WHAT IS REQUIRED :: A word-for-word reproduction of the data below is needed, with no pictures in it.

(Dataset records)
§ §

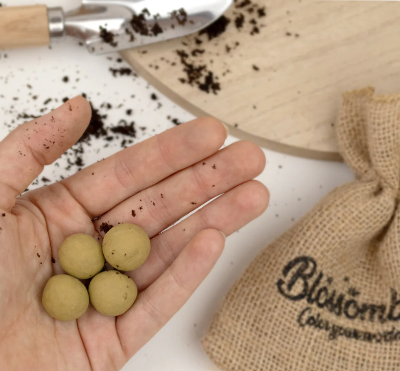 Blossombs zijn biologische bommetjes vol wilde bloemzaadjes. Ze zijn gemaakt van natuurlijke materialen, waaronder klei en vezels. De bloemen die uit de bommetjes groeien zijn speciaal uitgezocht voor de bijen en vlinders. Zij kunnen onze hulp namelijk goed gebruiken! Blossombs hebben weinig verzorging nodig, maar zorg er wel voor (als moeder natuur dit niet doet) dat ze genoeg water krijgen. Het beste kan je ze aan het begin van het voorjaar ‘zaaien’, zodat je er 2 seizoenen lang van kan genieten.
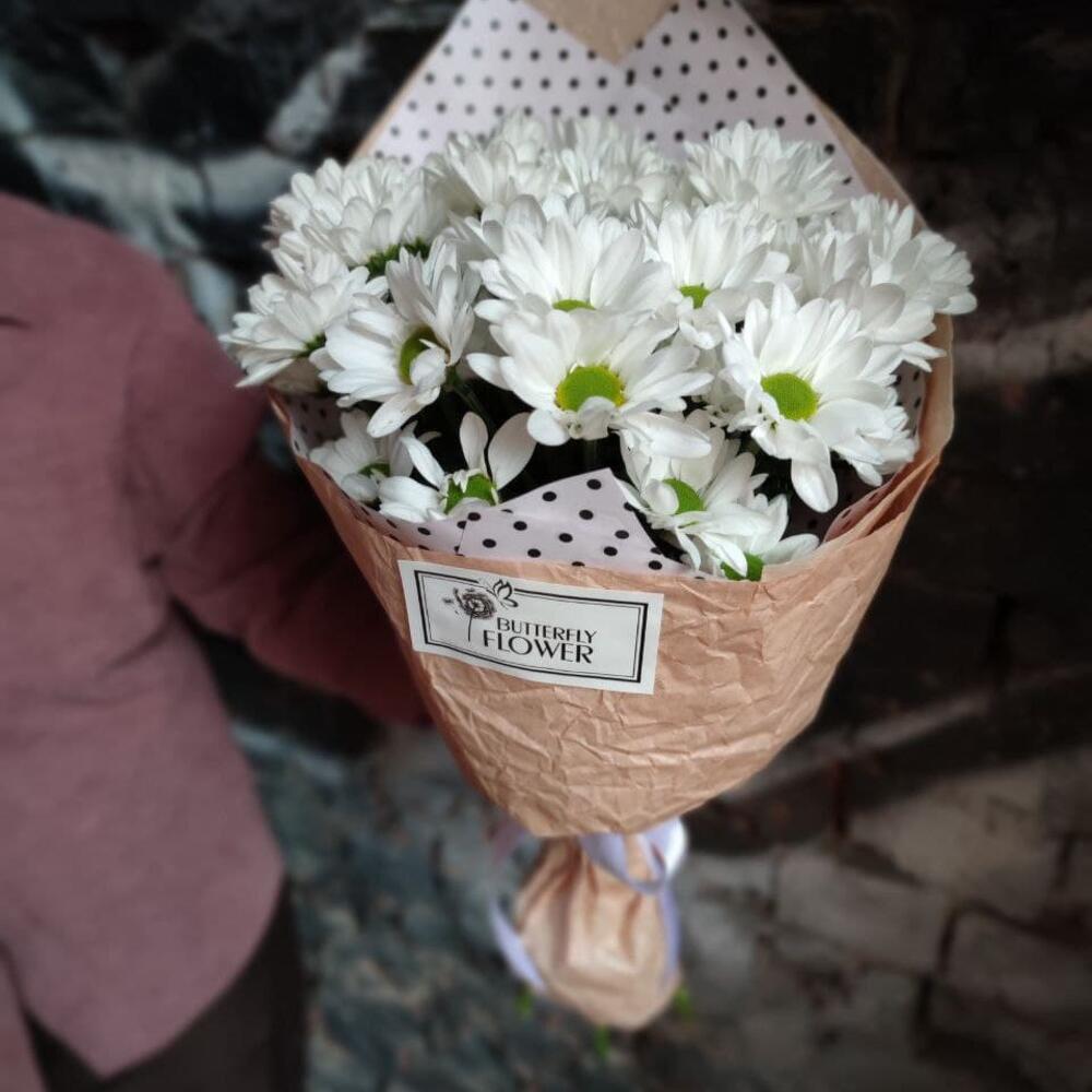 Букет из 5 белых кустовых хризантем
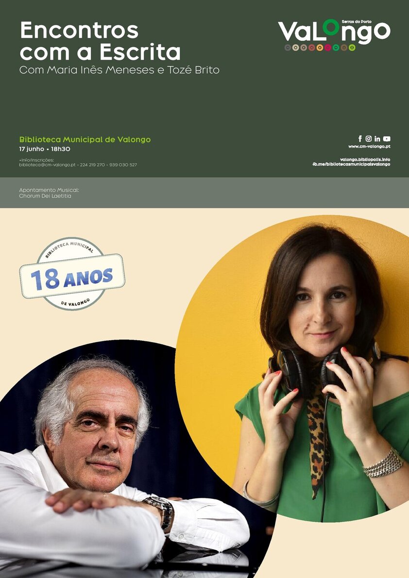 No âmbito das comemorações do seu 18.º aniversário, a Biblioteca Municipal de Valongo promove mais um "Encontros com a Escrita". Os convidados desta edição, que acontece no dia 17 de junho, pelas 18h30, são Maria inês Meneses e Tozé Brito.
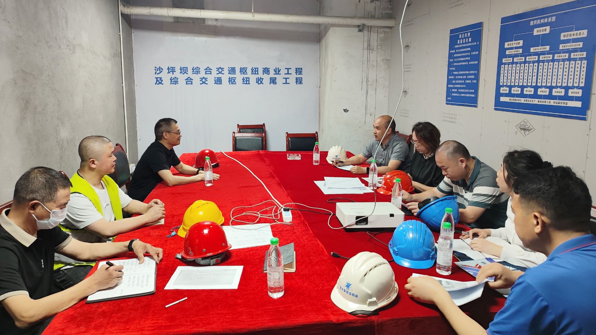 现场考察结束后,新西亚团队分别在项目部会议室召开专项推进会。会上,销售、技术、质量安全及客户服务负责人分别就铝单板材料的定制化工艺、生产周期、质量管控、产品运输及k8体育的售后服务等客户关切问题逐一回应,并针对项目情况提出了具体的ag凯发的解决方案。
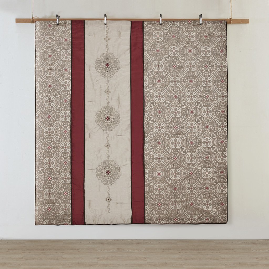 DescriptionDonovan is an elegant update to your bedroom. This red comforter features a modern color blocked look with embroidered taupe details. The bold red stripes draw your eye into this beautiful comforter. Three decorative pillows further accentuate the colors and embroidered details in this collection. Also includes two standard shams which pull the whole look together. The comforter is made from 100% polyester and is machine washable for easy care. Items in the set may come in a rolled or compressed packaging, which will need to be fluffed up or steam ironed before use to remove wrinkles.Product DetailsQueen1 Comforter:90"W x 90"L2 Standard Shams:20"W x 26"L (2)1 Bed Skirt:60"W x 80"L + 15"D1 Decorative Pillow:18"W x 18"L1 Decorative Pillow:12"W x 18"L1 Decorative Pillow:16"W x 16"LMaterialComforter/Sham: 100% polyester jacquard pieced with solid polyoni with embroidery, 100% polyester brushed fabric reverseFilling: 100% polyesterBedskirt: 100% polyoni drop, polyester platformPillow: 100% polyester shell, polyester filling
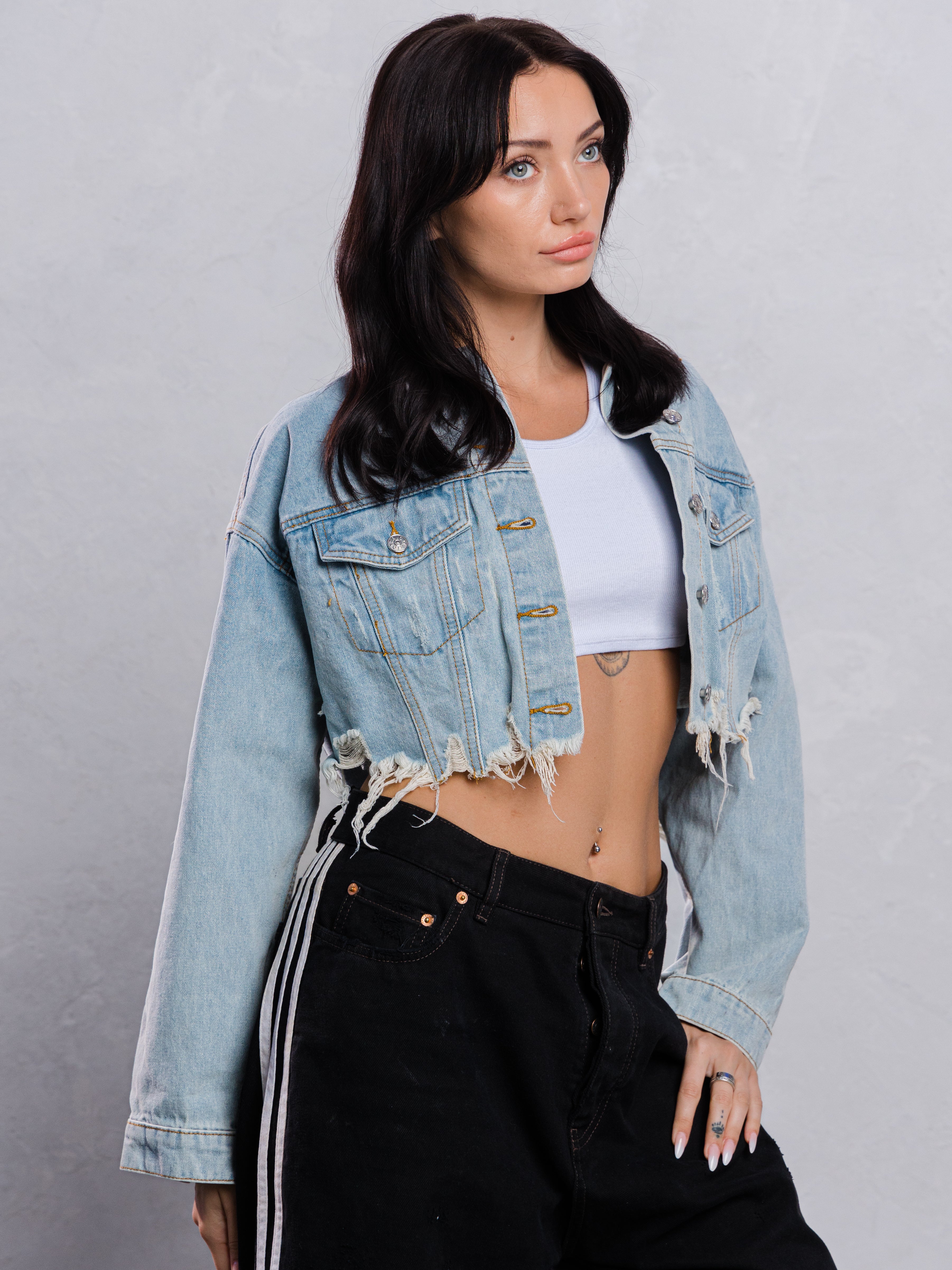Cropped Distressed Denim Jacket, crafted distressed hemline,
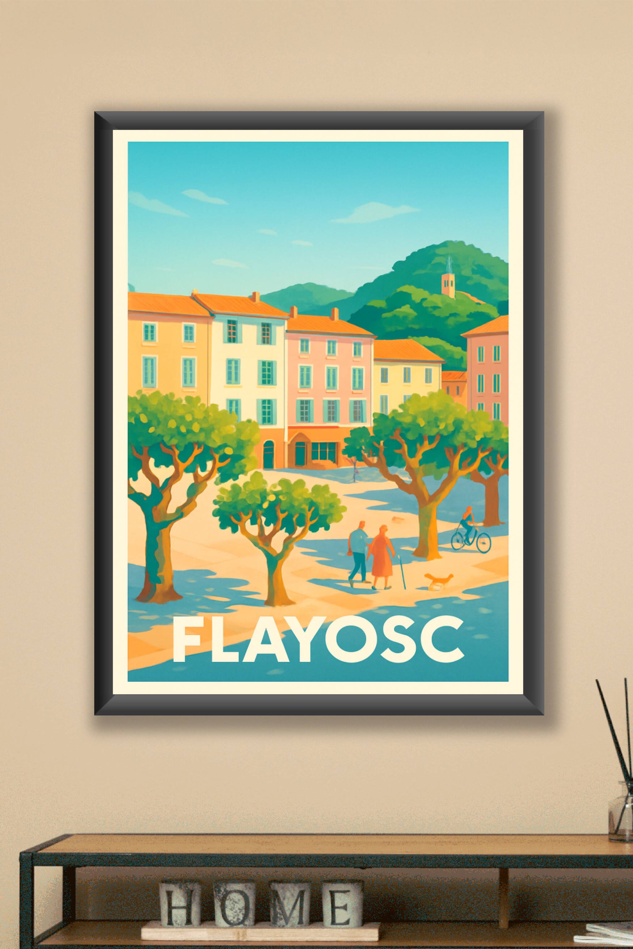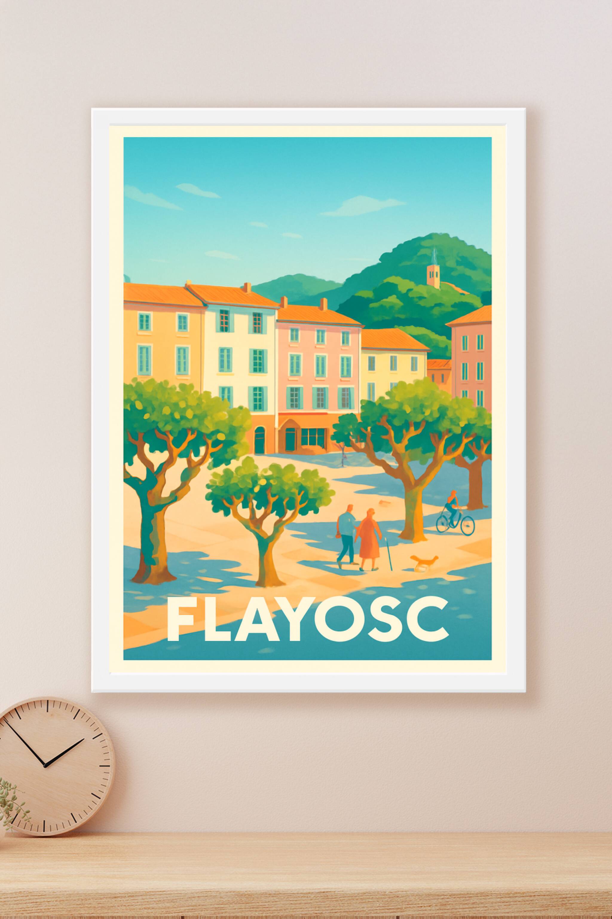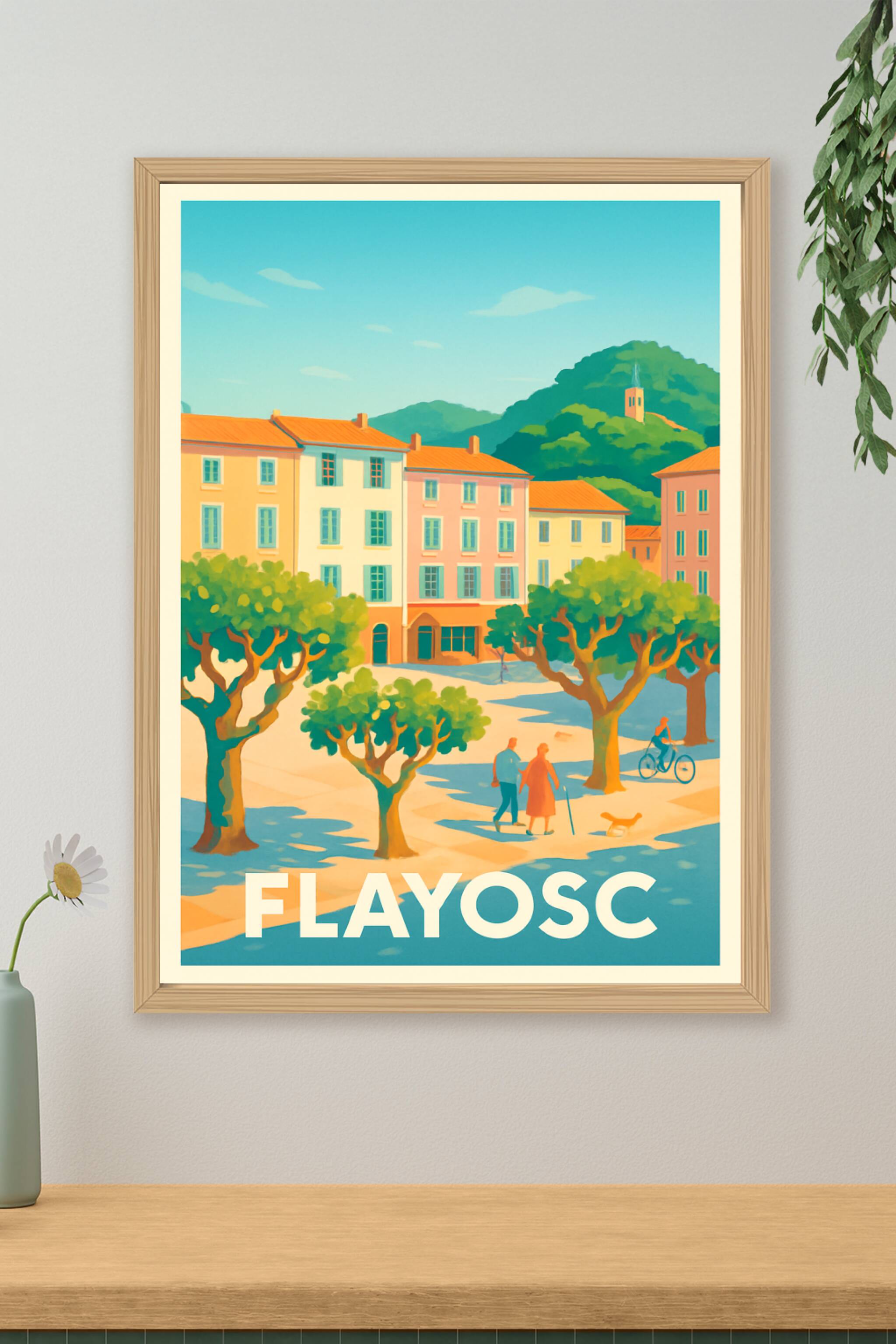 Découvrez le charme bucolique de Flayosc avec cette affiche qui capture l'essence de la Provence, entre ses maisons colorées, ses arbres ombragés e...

§ §

EXERCISE ANSWER ::
 Blossombs zijn biologische bommetjes vol wilde bloemzaadjes. Ze zijn gemaakt van natuurlijke materialen, waaronder klei en vezels. De bloemen die uit de bommetjes groeien zijn speciaal uitgezocht voor de bijen en vlinders. Zij kunnen onze hulp namelijk goed gebruiken! Blossombs hebben weinig verzorging nodig, maar zorg er wel voor (als moeder natuur dit niet doet) dat ze genoeg water krijgen. Het beste kan je ze aan het begin van het voorjaar ‘zaaien’, zodat je er 2 seizoenen lang van kan genieten.
 Букет из 5 белых кустовых хризантем
 No âmbito das comemorações do seu 18.º aniversário, a Biblioteca Municipal de Valongo promove mais um "Encontros com a Escrita". Os convidados desta edição, que acontece no dia 17 de junho, pelas 18h30, são Maria inês Meneses e Tozé Brito.
 现场考察结束后,新西亚团队分别在项目部会议室召开专项推进会。会上,销售、技术、质量安全及客户服务负责人分别就铝单板材料的定制化工艺、生产周期、质量管控、产品运输及k8体育的售后服务等客户关切问题逐一回应,并针对项目情况提出了具体的ag凯发的解决方案。
 DescriptionDonovan is an elegant update to your bedroom. This red comforter features a modern color blocked look with embroidered taupe details. The bold red stripes draw your eye into this beautiful comforter. Three decorative pillows further accentuate the colors and embroidered details in this collection. Also includes two standard shams which pull the whole look together. The comforter is made from 100% polyester and is machine washable for easy care. Items in the set may come in a rolled or compressed packaging, which will need to be fluffed up or steam ironed before use to remove wrinkles.Product DetailsQueen1 Comforter:90"W x 90"L2 Standard Shams:20"W x 26"L (2)1 Bed Skirt:60"W x 80"L + 15"D1 Decorative Pillow:18"W x 18"L1 Decorative Pillow:12"W x 18"L1 Decorative Pillow:16"W x 16"LMaterialComforter/Sham: 100% polyester jacquard pieced with solid polyoni with embroidery, 100% polyester brushed fabric reverseFilling: 100% polyesterBedskirt: 100% polyoni drop, polyester platformPillow: 100% polyester shell, polyester filling
Cropped Distressed Denim Jacket, crafted distressed hemline,
 Découvrez le charme bucolique de Flayosc avec cette affiche qui capture l'essence de la Provence, entre ses maisons colorées, ses arbres ombragés e...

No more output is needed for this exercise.